3 Tips for Getting your Conversions Right

Everyone’s looking for a “good deal”. But how do you measure it? How do you measure a “good deal”? Is it by net sales? Profits? The traffic it brings to your website?

One common metric or “KPI” is conversion rate. A conversion rate, by definition, is the percentage of users who take action on your website. In our case (e-commerce), it refers to the rate of people who purchased a product. So, if 100 people looked at a couch and one person bought it, the conversion rate is 1 %.

It’s pretty straightforward – when the deal is right, due to price or demand, more people will purchase it. Some products have higher conversion rates than others. Many factors affect this outcome, such as awareness, brand affinity, popularity, price, shipping options, visual appeal, etc.  
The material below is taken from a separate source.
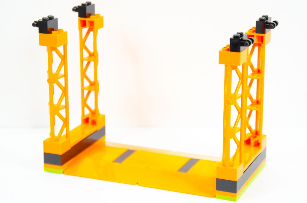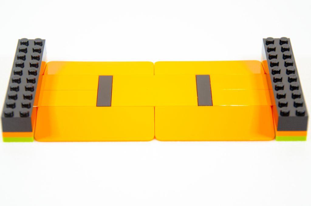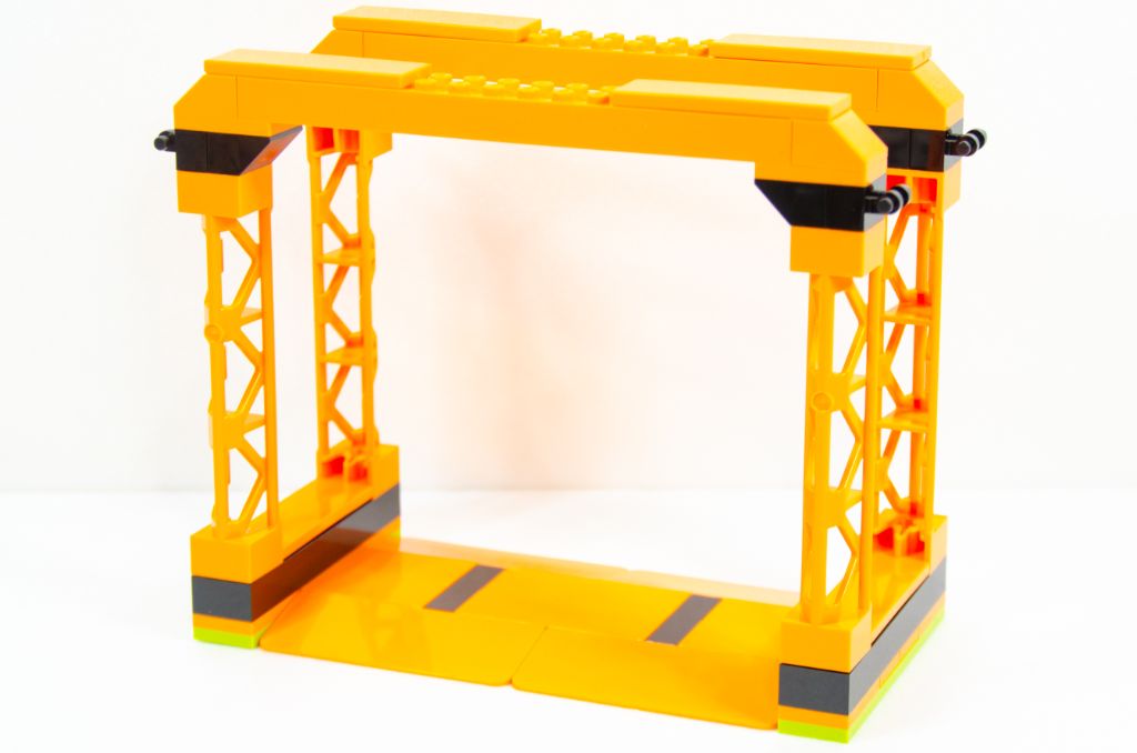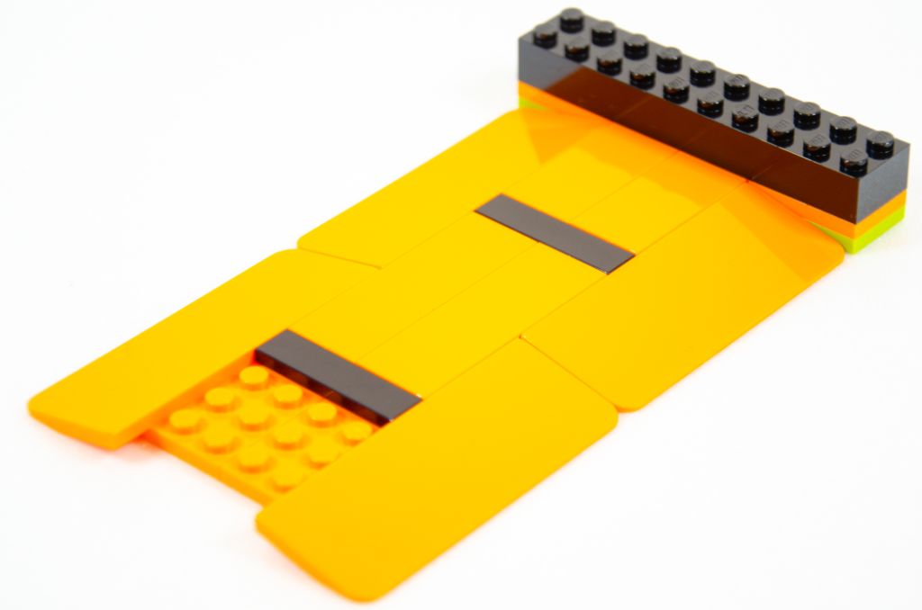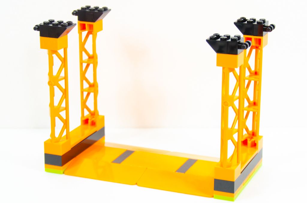 L’assemblage se poursuit par la symétrie de la plaque et nous finissons avec un beau rectangle orange avec des bouts noirs. Tout ça est bien sûr monté très rapidement car à coup de grosses pièces. La hauteur est vite gagnée à l’aide de quatre poteaux creux qui permettent un effet « scène » qui peut rappeler les spectacles de cascades itinérants.

Generally speaking, conversion rates are used to see which specific deals are doing well (in terms of sales, traffic etc.) and which aren’t; which ones to promote, and which ones to improve or remove from your website. But if you have 100’s, even 1000’s of products on your website, things can get a little trickier.

For example, cheap products tend to have higher conversions than expensive ones. In fact, cups are purchased more frequently than sofas. But from a company standpoint, is selling cups more lucrative than selling sofas? Is the ROI of cups greater than that of sofas?

Take another example – dog treats! Very few people search for dog treats online, but when they do, the conversion rate is likely to be high. Does this make dog treats a “good deal”?

Sometimes, differentiating between a “good” deal and a “bad” deal is difficult. For this reason, we want to give you some practical tips to accurately measure conversations. And with this, you’ll be able to determine which deals need your attention and which don’t.

Keep it Narrow

Not all conversation rates are comparable. Expensive products have a much lower conversion rate than cheaper products. If your website sells both, you need to evaluate which ones drive more sales within the same category.

For example, a home design shop, like Zara Home, sells beds as well as pillows, in which case, pillows are likely to outsell beds with a 10X higher conversion rate. In other words, for every 10 people who buy a pillow, only 1 buys a bed.

To avoid such confusion, or an irrelevant comparison, keep your measurements separated.  Measure conversions for both categories separately. Using this approach will inform you of the most popular item, be it a bed or a pillow, in its own specific category. Apples to apples.  

Filter the Noise

Get ready, you will encounter a lot of noise when analyzing your top conversion data. Although many of your top-converting deals will appear as  “good deals”, they could potentially be a curse in disguise. You want to avoid promoting them to every individual or giving them too much attention.

This can happen. A product may receive very little views, yet generate high % of purchases. For example, this could happen with a non-prescription drug, unique in its category. When people search for a product that has no other alternative, the conversion rate is going to be high. But if you market this product to your entire website user base, expect to be disappointed.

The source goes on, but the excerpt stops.